65nm news from Intel

Robert Myers · Sep 7, 2004

Terje said:
You might be right, but that's still in the 'famous last words'
cathegory.

I believe the relevant quote is something like this:

"When an established expert in a field tell you that something is
possible, he is almost certainly right, but when he tells you that
something is impossible, he is very likely wrong."

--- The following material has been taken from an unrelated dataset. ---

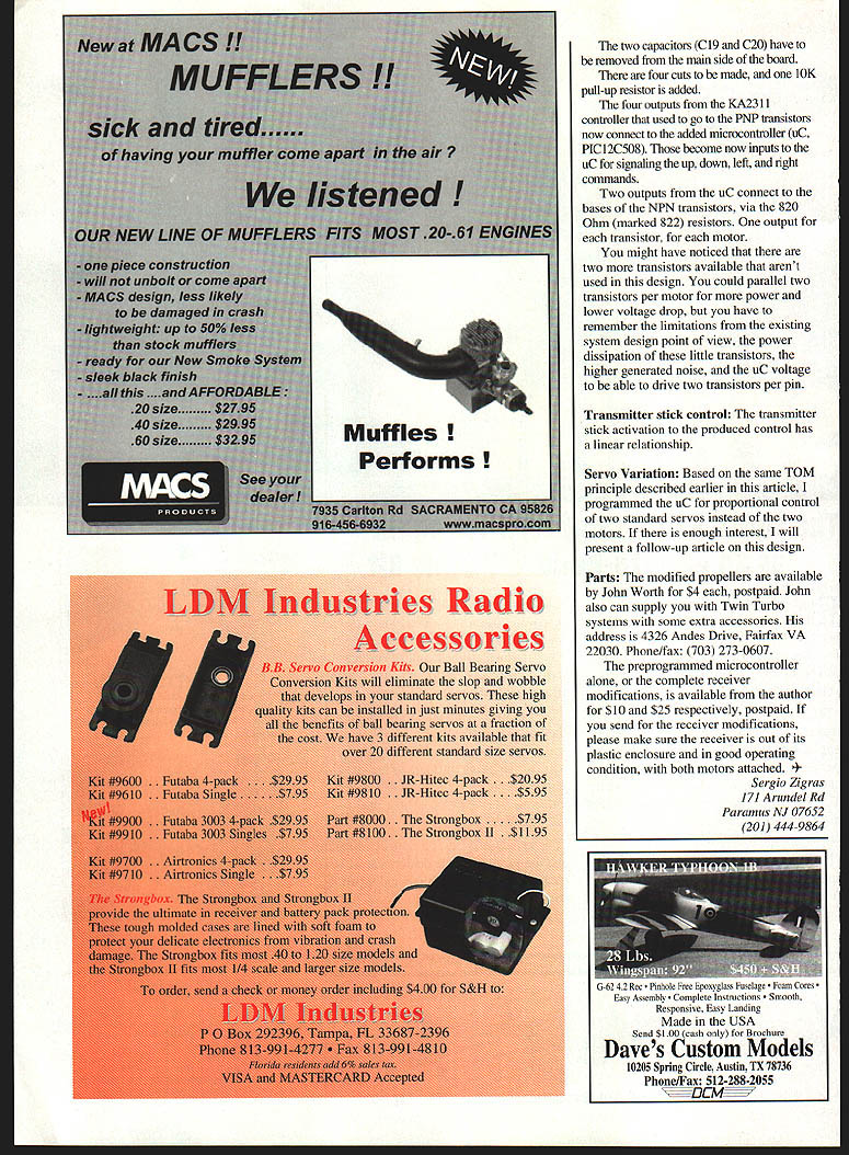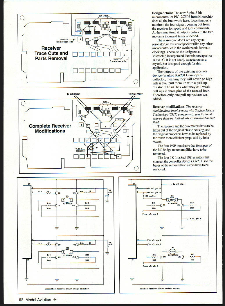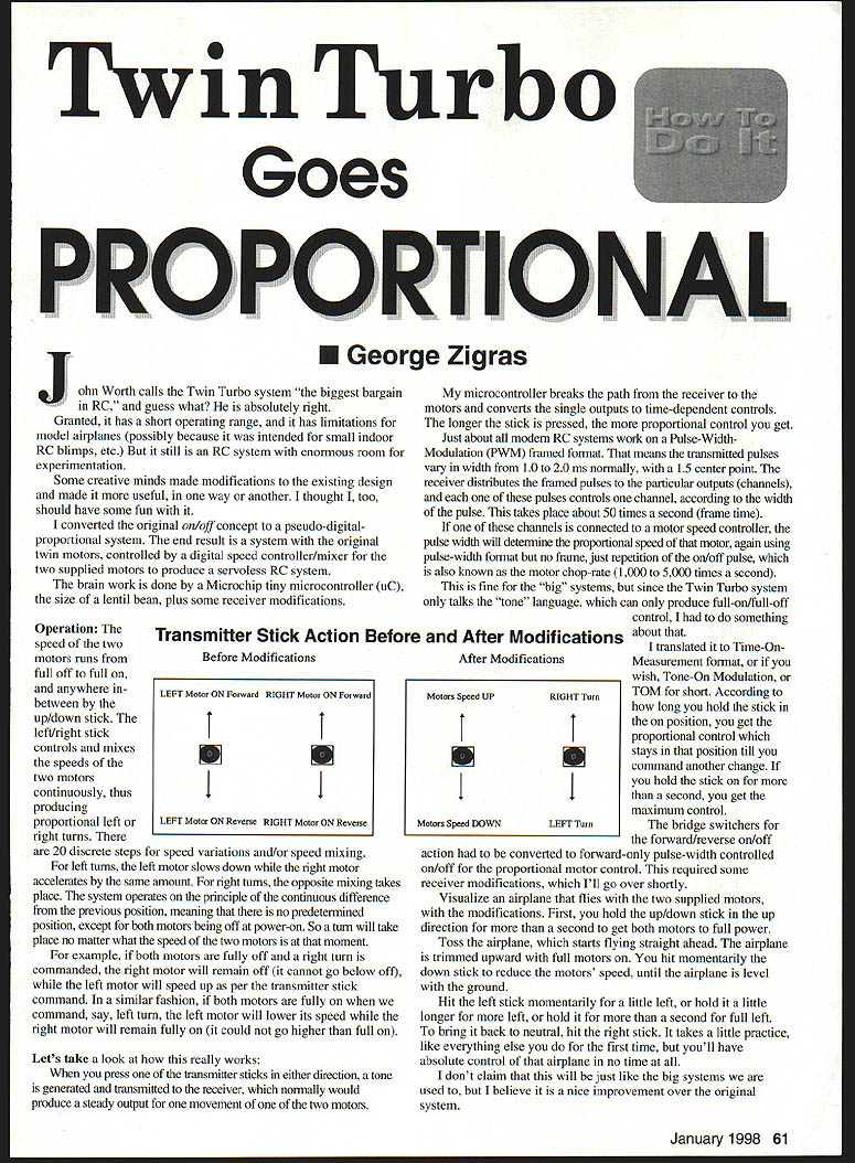 0 Twin Turbo Goes PRO PORTIO NAL TEGeorgeZigras ohn Worth calls Twin Turbo system biggest bargain in RC guess what absolutely right Granted has short operating range has limitations model airplanes possibly because intended small indoor RC blimps etc still RC system enormous room experimentation Some creative minds made modifications existing design made useful way another thought too should have some fun converted original on/off concept pseudo-digitalproportional system end result system original twin motors controlled digital speed controller/mixer two supplied motors produce servoless RC system brain work done Microchip tiny microcontroller uC size lentil bean plus some receiver modifications microcontroller breaks path receiver motors converts single outputs time-dependent controls longer stick pressed proportional control get Just about modem RC systems work Pulse-WidthModulation PWM framed format means transmitted pulses vaiy width 10 20 ms normally 15 center point receiver distributes framed pulses particular outputs channels pulses controls channel according width pulse takes place about 50 times second frame time channels connected motor speed controller pulse width will determine pmportional speed motor again using pulse-width format no frame just repetition on/off pulse also known motor chop-rate 1000 5000 times second fine big systems since Twin Turbo system talks tone language can produce full-on/full-off control something Transmitter Stick Action Before After Modifications aboutthat translated Time-OnBefore ModificationsAfter ModificationsMeasurement format wish Tone-On Modulation LEFT Motor ON Forward RIGHT Motor ON ForwardMotors Speed UPRIGHT TurnTOM short According long hold stick position get 11 proportional control stays position till U U U U command another change hold stick 11 second get maximum control LEFT Motor ON Reverse RIGHT Motor ON ReverseMotors Speed DOWNLEFT TurnThe bridge switchers forward/reverse on/off action converted forward-only pulse-width controlled on/off proportional motor control required some receiver modifications Ill go over shortly Visualize airplane flies two supplied motors modifications First hold up/down stick up direction second get both motors full power Toss airplane starts flying straight ahead airplane trimmed upward full motors hit momentarily down stick reduce motors speed until airplane level ground Hit left stick momentarily little left hold little longer left hold second full left bring back neutral hit right stick takes little practice like everything else first time youll have absolute control airplane no time dont claim will just like big systems used believe nice improvement over original system Operation speed two motors runs full off full anywhere inbetween up/down stick left/right stick controls mixes speeds two motors continuously thus producing proportional left right turns 20 discrete steps speed variations and/or speed mixing left turns left motor slows down right motor accelerates same amount right tums opposite fluxing takes place system operates principle continuous difference previous position meaning no predetermined position except both motors being off power-on So turn will take place no matter what speed two motors moment example both motors fully off right turn commanded right motor will remain off cannot go below off left motor will speed up per transmitter stick command similar fashion both motors fully command say left turn left motor will lower its speed right motor will remain fully could go higher full Lets take look really works press transmitter sticks either direction tone generated transmitted receiver normally would produce steady output movement two motors January1998 61 Design details new 8-pin 8-bit microcontroller PlC 2C508 Microchip does brainwork continuously monitors four signals coming out receiver speed turn commands same time outputs pulses two motors thousand times second reason dont see crystal resonator resistor/capacitor like other microcontroller world needs main clocking because designers Microchip incorporated resistor/capacitor uC nearly accurate crystal good enough application outputs existing receiver device marked KA23 II opencollector meaning will never go high unless pull up pull-up resistor uC has what call weak pull ups three pins needed four Right MoOorTherefore pull-up resistor added Receiver modifications receiver modifications involve work Surface Mount Technology SMT components should done individuals experietwed field receiver two motors have taken out original plastic housing original pmpellers have replaced much efficient props sold John Worth four PNP transistors form part full bridge motor amplifier have removed four 1K marked 102 resistors connect controller device KA231 1 bases removed transistors have removed * To sC pIn 0 Mi 7T RODDC MOTOR ROE CDCE EDO MD EIGHT ROEDC MOTOR CECOO 820EDO Modified Receiver Motor control section 62 Model Aviation trac 5remove rrom other side Receiver TraceCutsand DERID ii Parts Removal W DDDD 0 Left Motor Complete Receiver Modifications 0 oC plo 4 iTooCphoD 001 renOstor CI IOU RiODC MOTORROE 8 7R07ICCCERIBII MD ROEDC MOTOR CECiE 14EDOEDO Unmodified Receiver Motor bridge amplifier cC pIn 8 sC pin S cC p10 7 SOC pl. 8 14 pin 2 two capacitors C19 C20 have removed main side board four cuts made 10K pull-up resistor added four outputs KA231 1 controller used go PNP transistors now connect added microcontroller uC PlC 12C508 become now inputs uC signaling up down left right commands Two outputs uC connect bases NPN transistors via 820 Ohm marked 822 resistors output transistor motor might have noticed two transistors available arent used design could parallel two transistors per motor power lower voltage drop have remember limitations existing system design point view power dissipation little transistors higher generated noise uC voltage able drive two transistors per pin Transmitter stick control transmitter stick activation produced

I'm sure I don't have to say this for your benefit, but, as to what I
said on the subject, I really want to stick with my own exact words,
which I chose with some care.

RM

Rob Warnock · Sep 7, 2004

+---------------
| I believe the relevant quote is something like this:
|
| "When an established expert in a field tell you that something is
| possible, he is almost certainly right, but when he tells you that
| something is impossible, he is very likely wrong."
+---------------

You're probably thinking of Clarke's First Law:

When a distinguished but elderly scientist states that something
is possible, he is almost certainly right. When he states that
something is impossible, he is very probably wrong.
Arthur C Clarke, "Profiles of the Future" (1962; rev. 1973)
``Hazards of Prophecy: The Failure of Imagination''

But one should always temper that with Isaac Asimov's comment:

When, however, the lay public rallies round an idea that is
denounced by distinguished but elderly scientists and supports
that idea with great fervor and emotion--the distinguished but
elderly scientists are then, after all, probably right.
Isaac Asimov (1920-1992), in "Fantasy & Science Fiction" 1977
[In answer to Clarke's First Law]

-Rob

Refs: <http://www.phantazm.dk/sf/arthur_c_clarke/s.htm>
<http://www.xs4all.nl/~jcdverha/scijokes/8_4.html>
and many others...

Terje Mathisen · Sep 7, 2004

Rob said:
+---------------
| I believe the relevant quote is something like this:
|
| "When an established expert in a field tell you that something is
| possible, he is almost certainly right, but when he tells you that
| something is impossible, he is very likely wrong."
+---------------

You're probably thinking of Clarke's First Law:

When a distinguished but elderly scientist states that something
is possible, he is almost certainly right. When he states that
something is impossible, he is very probably wrong.
Arthur C Clarke, "Profiles of the Future" (1962; rev. 1973)
``Hazards of Prophecy: The Failure of Imagination''

Right, thanks for the reference!

But one should always temper that with Isaac Asimov's comment:

When, however, the lay public rallies round an idea that is
denounced by distinguished but elderly scientists and supports
that idea with great fervor and emotion--the distinguished but
elderly scientists are then, after all, probably right.
Isaac Asimov (1920-1992), in "Fantasy & Science Fiction" 1977
[In answer to Clarke's First Law]

Disproof by popular acclaim?

:-)

Terje

Robert Myers · Sep 7, 2004

Nick said:
|> >
|> >>No. I said "insoluble", not "unsolved".
|> >
|> > So, it is your position that it cannot be solved now, nor anytime in the
|> > future?
|>
|> Hot fusion plainly has its ready defenders. The expectations for
|> programming multiprocessors are apparently low, with no apparent and
|> certainly no strenuous dissent.

Eh? I will dissent, strenuously, against such a sweeping statement!
My comment was about such programming by the mass of 'ordinary'
programmers, not about its use in HPC and embedded work (including
games).

And then there is Jouni Osmala ....

I wouldn't want to discourage Jouni or anyone else from optimism, even
overoptimism, even naive overoptimism.

I was, on the other hand, trying to provoke a dissent from you to the
extent that you would say what you do think is possible.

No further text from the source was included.